853 A.2d 280, 371 N.J. Super. 319, 2004 N.J. Super. LEXIS 324
CourtNew Jersey Superior Court Appellate Division
DecidedJuly 21, 2004
StatusPublished

This text of 853 A.2d 280 (Seabrook Village v. Murphy) is published on Counsel Stack Legal Research, covering New Jersey Superior Court Appellate Division primary law. Counsel Stack provides free access to over 12 million legal documents including statutes, case law, regulations, and constitutions.

Bluebook
Seabrook Village v. Murphy, 853 A.2d 280, 371 N.J. Super. 319, 2004 N.J. Super. LEXIS 324 (N.J. Ct. App. 2004).

Opinion

The opinion of the court was delivered by

FUENTES, J.A.D.

Petitioner John Murphy appeals from the final decision of the New Jersey Department of Community Affairs (DCA), Bureau of [322]*322Homeowner Protection. In its decision, the DCA determined that Seabrook Village was legally entitled to cancel its Residence and Care Agreement with petitioner and discharge him from its facility for his (1) refusal to pay monthly service fees and (2) failure to execute a release of the Living Unit that he previously occupied.

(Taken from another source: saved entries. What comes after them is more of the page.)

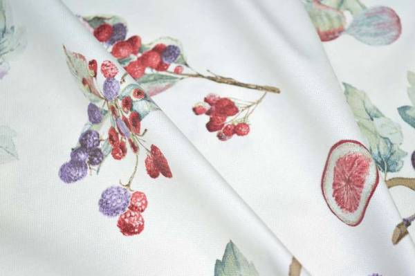 Bellissimo tessuto Panama interamente naturale realizzato in puro cotone. Il fondo bianco viene decorato dalla splendida fantasia con frutti di bosco misti, perfetta per uso quitidiano. Idealizzato per confezionare tovagliati, lavori di arredo cucina come presine ed oggettistica varia ed altri progetti di cucito creativo.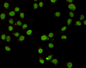 Immunocytochemistry staining of HeLa cells fixed with -20u2103 Methanol and using CHD3 (C-terminus) mouse mAb (dilution 1:400).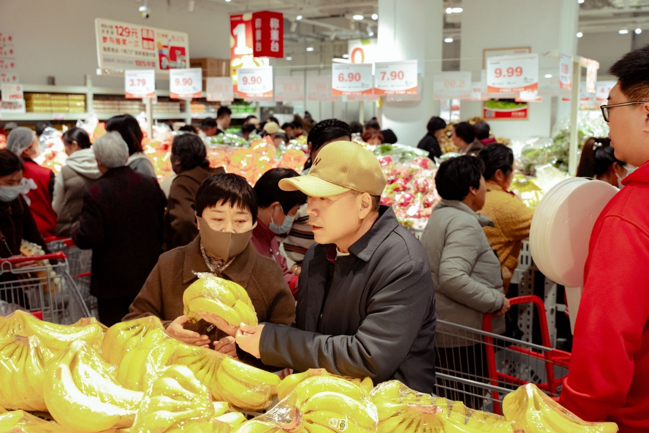 开业尚未到营业时间,门店入口处已排起长队,不少市民早早等候,只为抢先体验高性价比好物。上午9点正式开门后,客流高峰持续不断,店内人头攒动、选购火热,热闹的购物氛围席卷整个商场。“正好想囤点肉和蔬菜,京东折扣超市的价格太便宜了,还能买到应季的绿植,一趟就能买齐!”正在挑选富贵竹的市民刘女士说道,她的购物车里早已装满了猪肉、水果、自有品牌零食等商品,难掩收获的喜悦。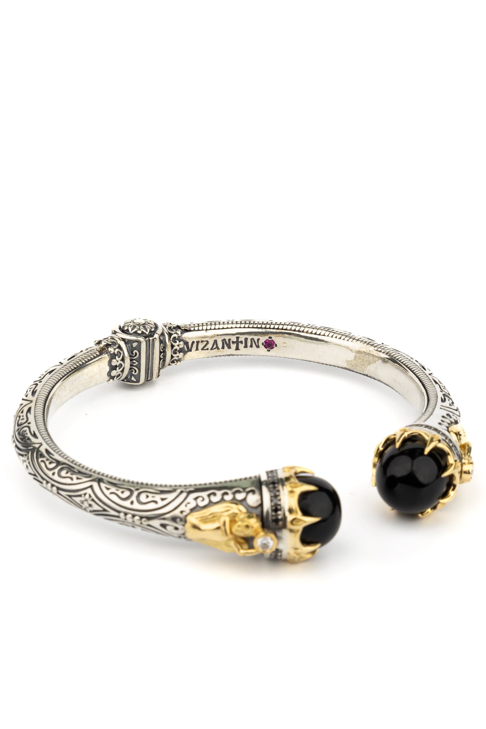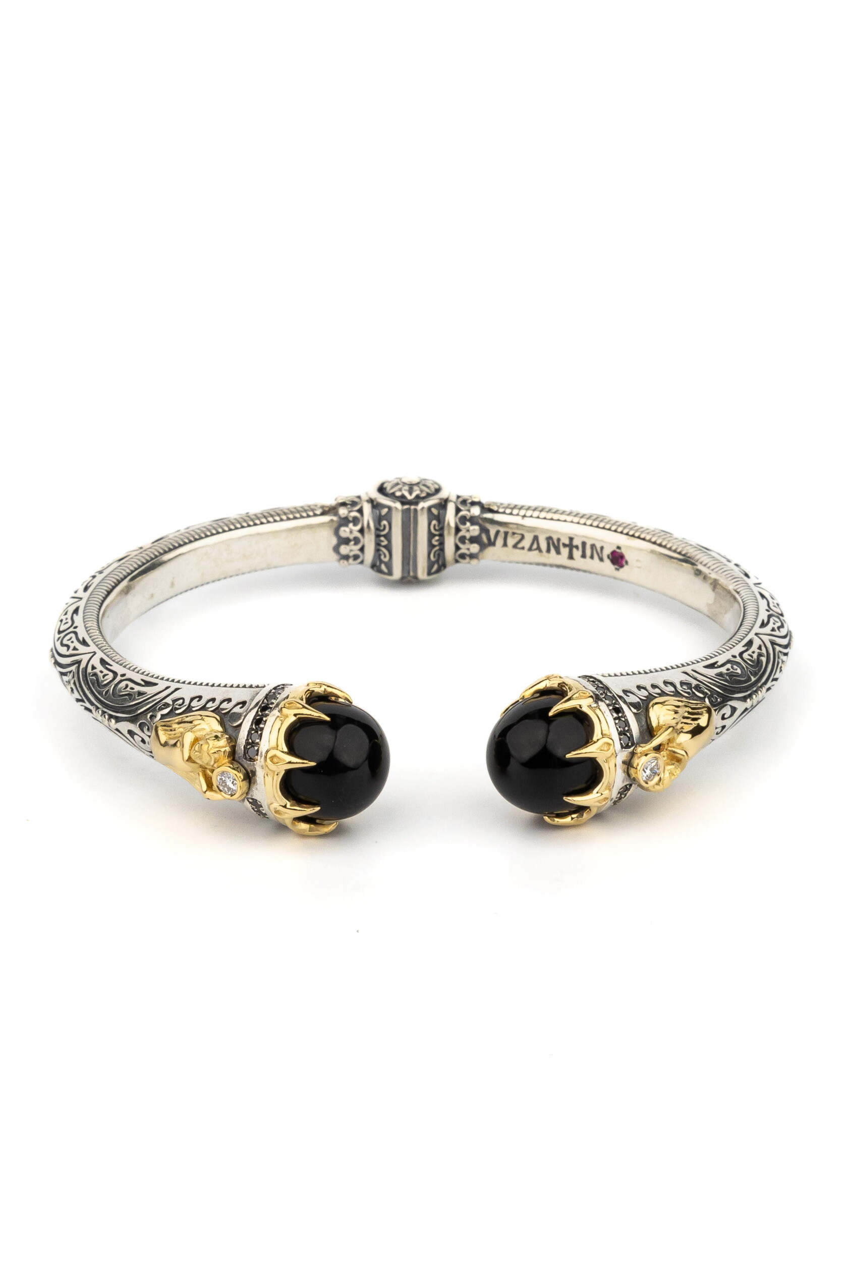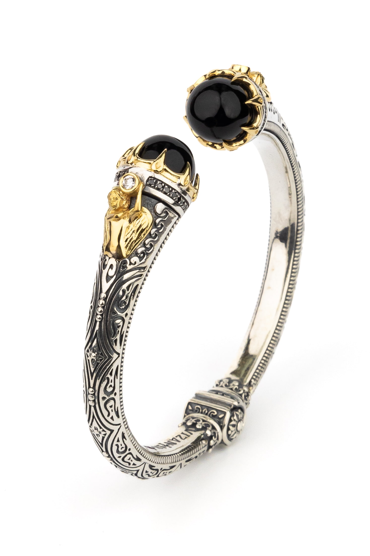 Браслет из серебра и золота c бриллиантами, ониксом и рубином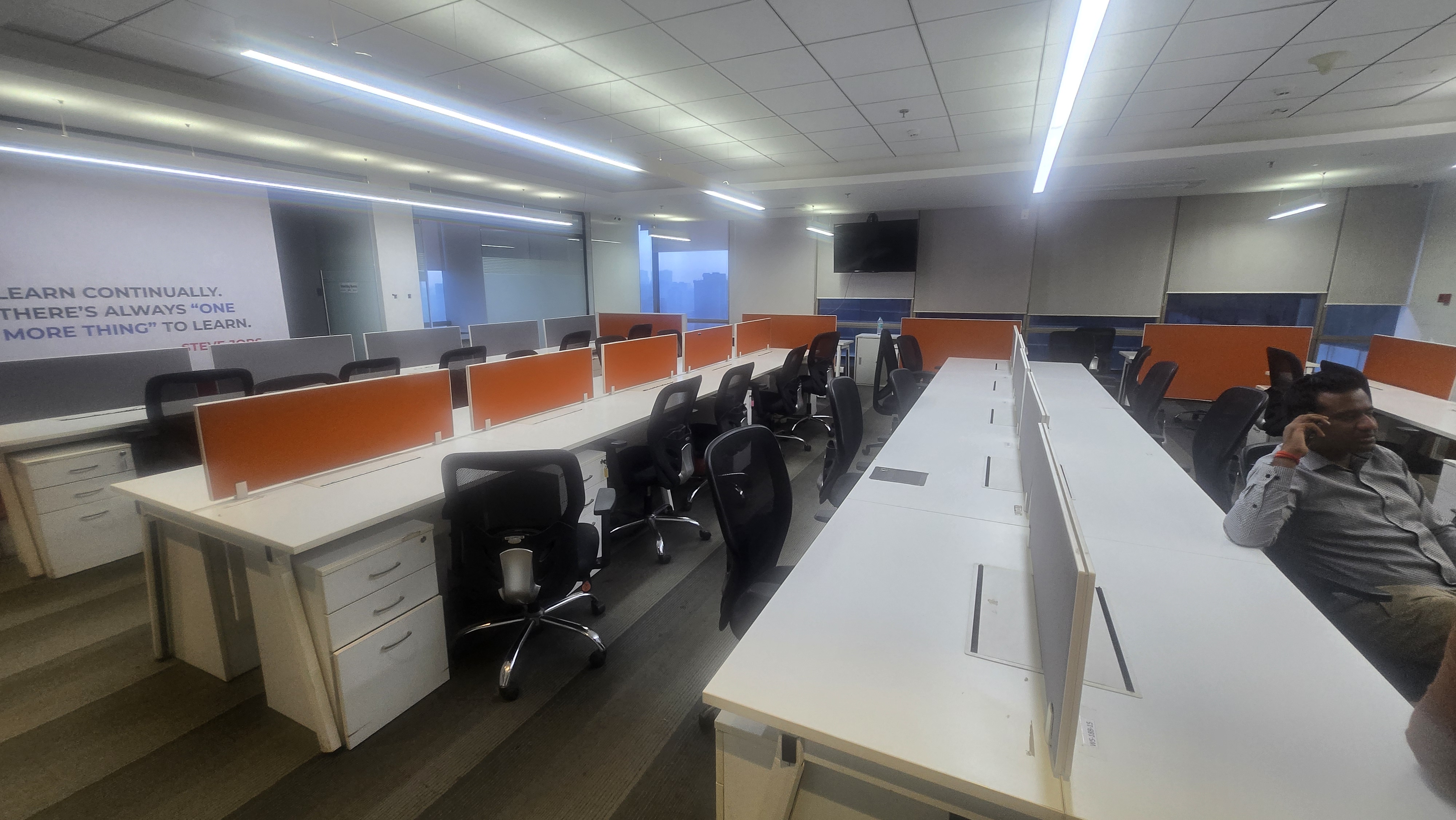 This 815 square feet furnished office space in Goregaon East, Mumbai, offers a prime location with a clear road view from the fifth floor, ideal for businesses seeking accessibility and visibility.

This appeal requires us to answer two legal questions, namely: (1) whether the procedures employed by the DCA upholding Seabrook’s cancellation of the Residence and Care Agreement comport with the requirements of the Administrative Procedure Act, N.J.S.A. 52.14B-1 to -15; and (2) whether Seabrook can terminate petitioner’s residency without establishing “just cause” pursuant to the Continuing Care Retirement Community Regulation and Financial Disclosure Act, N.J.S.A. 52:27D-344d and 344e and N.J.A.C. 5:19-6.5(c).

We now hold that a resident of a continuing care facility appealing his or her dismissal or discharge from such facility to the DCA is legally entitled to a “plenary hearing,” as defined in N.J.A.C. 1:1-21. Such a hearing must be conducted by either the Commissioner of the DCA or by the Office of Administrative Law pursuant to the Commissioner’s referral for adjudication. We further hold that a resident of a continuing care facility can be involuntarily discharged only upon the establishment of “just cause,” as defined in N.J.S.A 52:27D-344d and N.J.A.C. 5:19-6.5(c). Any waiver of “just cause” contained in an agreement entered into by a resident or any contractually crafted ground for removal not sanctioned by specific statutory or regulatory authority, is legally unenforceable and void as against public policy.

We will address these legal issues in the following factual context.

I

Erickson Retirement Communities, d/b/a Seabrook Village, operates a continuing care retirement community located in Tinton [323]*323Palls. Seabrook offers three types of living arrangements for its residents: (1) Independent Living Units; (2) Assisted Living Units; and (3) Care Center Units. The latter two are housed in the Extended Care Center. The Residence and Care Agreement contains the following descriptions of the Independent Living and Assisted Living Units:

Independent Living Units. The facility is planned to have approximately 1650 Independent Living Units within three (3) residential neighborhoods. Each residential neighborhood will be comprised of four (4) residential buildings containing Independent Living Units and one (1) community building. Each community building includes a dining room, classrooms, cardrooms, lounges and other common areas.
Extended Care Center. The Extended Care Center will house both the Assisted Living Units and the Care Center Units. Each floor of the Extended Care Center will include a dining room, a resident lounge, activity rooms and a bathing core. The Extended Care Center will be constructed in three (3) phases, with Phase One expected to become available in March, 2001. Phase Two expected to become available in March, 2004 and Phase Three expected to become available in March, 2007. All opening dates are approximate and may change according to changing in weather conditions [sic], market demands, etc. Until the Extended Care Center is opened, [SEABROOK VILLAGE] will enter into transfer agreements for its Residents with outside assisted living and nursing care centers.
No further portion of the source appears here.